# INPUT:
· · ·
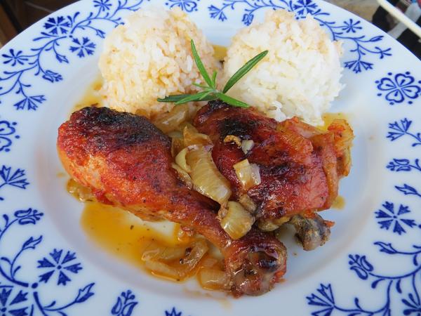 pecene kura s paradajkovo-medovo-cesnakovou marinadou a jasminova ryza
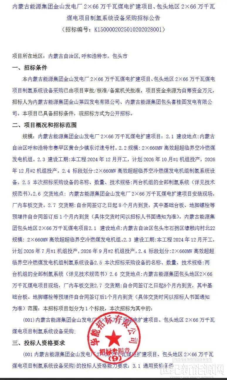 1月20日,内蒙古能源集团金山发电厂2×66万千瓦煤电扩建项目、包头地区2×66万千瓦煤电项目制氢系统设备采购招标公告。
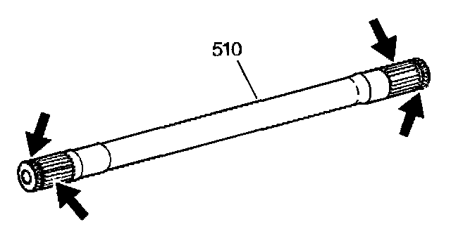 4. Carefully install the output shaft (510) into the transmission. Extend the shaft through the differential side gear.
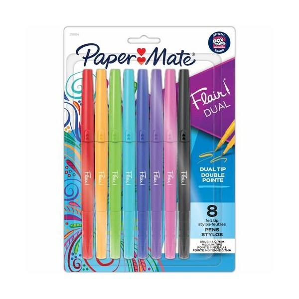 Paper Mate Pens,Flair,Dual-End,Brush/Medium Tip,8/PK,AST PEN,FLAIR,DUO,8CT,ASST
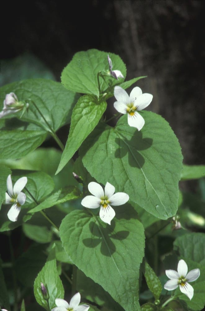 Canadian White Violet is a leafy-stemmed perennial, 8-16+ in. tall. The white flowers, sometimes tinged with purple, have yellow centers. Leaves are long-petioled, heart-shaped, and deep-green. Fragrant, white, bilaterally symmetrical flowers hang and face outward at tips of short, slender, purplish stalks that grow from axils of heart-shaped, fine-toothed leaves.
· · ·
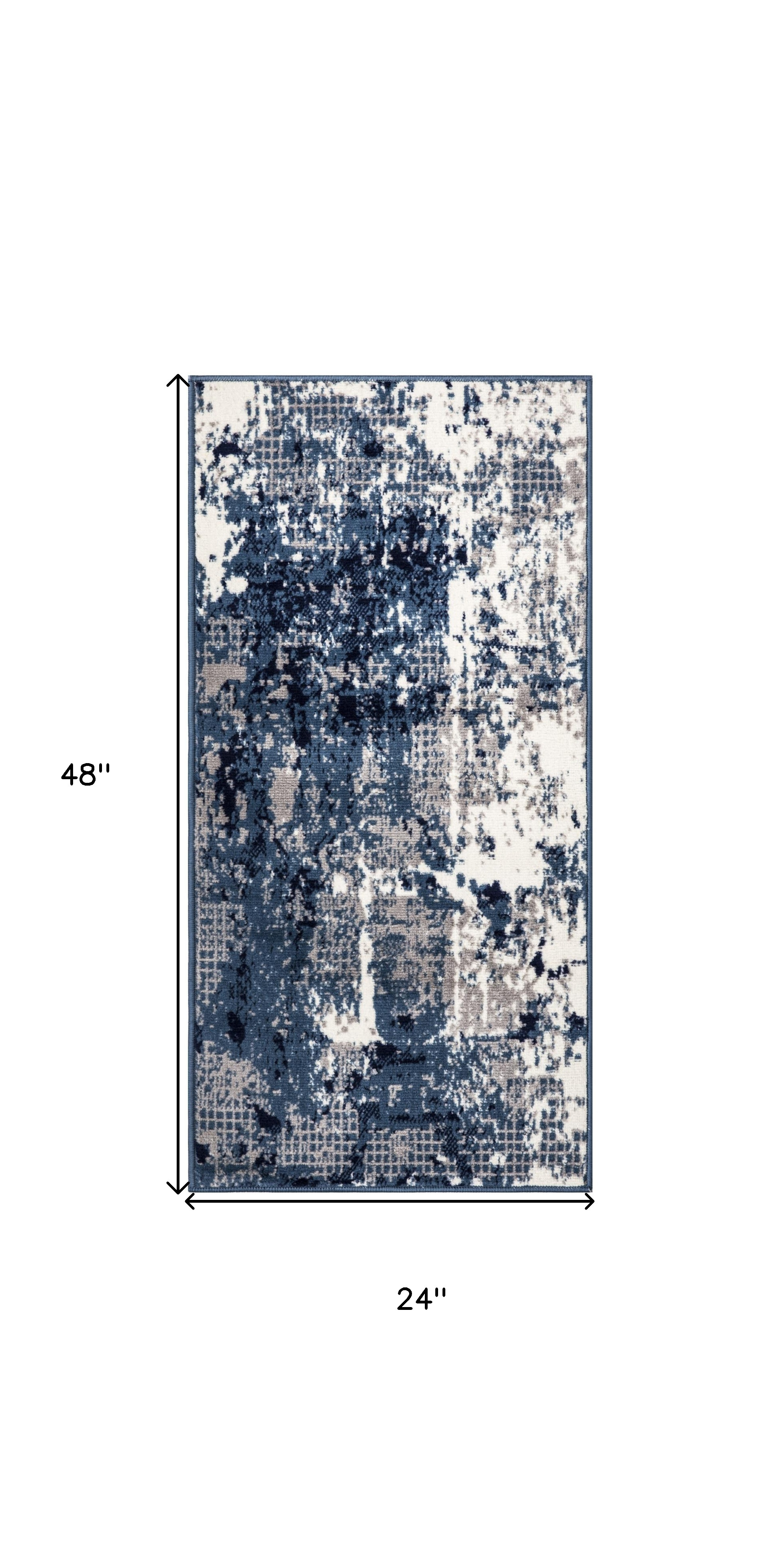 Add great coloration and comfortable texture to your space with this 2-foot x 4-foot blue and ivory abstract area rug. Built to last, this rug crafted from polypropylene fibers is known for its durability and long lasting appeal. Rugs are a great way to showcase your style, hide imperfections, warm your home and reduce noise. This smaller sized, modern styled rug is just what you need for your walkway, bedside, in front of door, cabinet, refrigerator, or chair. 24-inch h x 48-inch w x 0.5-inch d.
· · ·
# WHAT TO DO:
For the data above, set down exactly the lines from the line with "pecene kura s" to the line with "Paper Mate Pens,Flair,Dual-End,Brush/Medium", both included, leaving pictures out.

# ANSWER TO THE PROBLEM:
 pecene kura s paradajkovo-medovo-cesnakovou marinadou a jasminova ryza
 1月20日,内蒙古能源集团金山发电厂2×66万千瓦煤电扩建项目、包头地区2×66万千瓦煤电项目制氢系统设备采购招标公告。
 4. Carefully install the output shaft (510) into the transmission. Extend the shaft through the differential side gear.
 Paper Mate Pens,Flair,Dual-End,Brush/Medium Tip,8/PK,AST PEN,FLAIR,DUO,8CT,ASST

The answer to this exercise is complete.